It is a common fallacy to believe that the link between decisions and outcomes is causally direct. Good decisions lead to bad outcomes, and vice versa, all the time. But looking back and re-examining the circumstances of the decision is often regarded as an impediment to forward progress, and so the quality of decisions tends to be judged based on outcomes that are most readily apparent and not the processes behind the decision itself.
Experienced decision-makers are informed by more nuanced factors than those that are most neatly captured and correlated. It is the leader’s job to maintain a frame for decision-making that respects and embraces these aspects, rather than deferring responsibility and relying on those that are most quickly at hand.

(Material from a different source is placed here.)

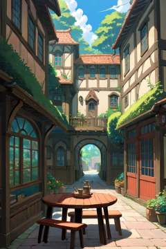 painting of a courtyard with a table and chairs and a bench,anime background art,relaxing concept art,anime scenery concept art,immensely detailed scene,a beautiful artwork illustration,detailed scenery,studio ghibli environment,environment design illustration,highly detailed scene,beautiful anime scene,anime scenery,detailed soft painting,ghibli studio style,environment painting,4esthet1c, <lora:AestheticSceneSDXL:0.8>

DateNovember 20, 2014TitleHBR IdeaCast: Making Good DecisionsSegment00:14:06 – 00:16:24Ronald Howard:
…you can’t tell the quality of the decision you’re making by the outcome that will be produced. Or to put it in another way, you can’t tell by the outcome whether you’ve made a good decision. So you can have good decisions having bad outcomes or good outcomes, and bad decisions having good outcomes or bad outcomes. And it’s just a logical mistake to say “I got the good outcome, I must have made a good decision.” And yet, that’s what everybody thinks. In sports particularly, you’ll see a situation, say, in football, where the coach has decided to run for the two-point conversion. That’s at the end of the game, and he wants to be sure he gets two instead of one. And it doesn’t work. And the announcer says, “ah, that was a bad decision.” It’s completely illogical. You can’t tell whether it was a good decision by how it came out.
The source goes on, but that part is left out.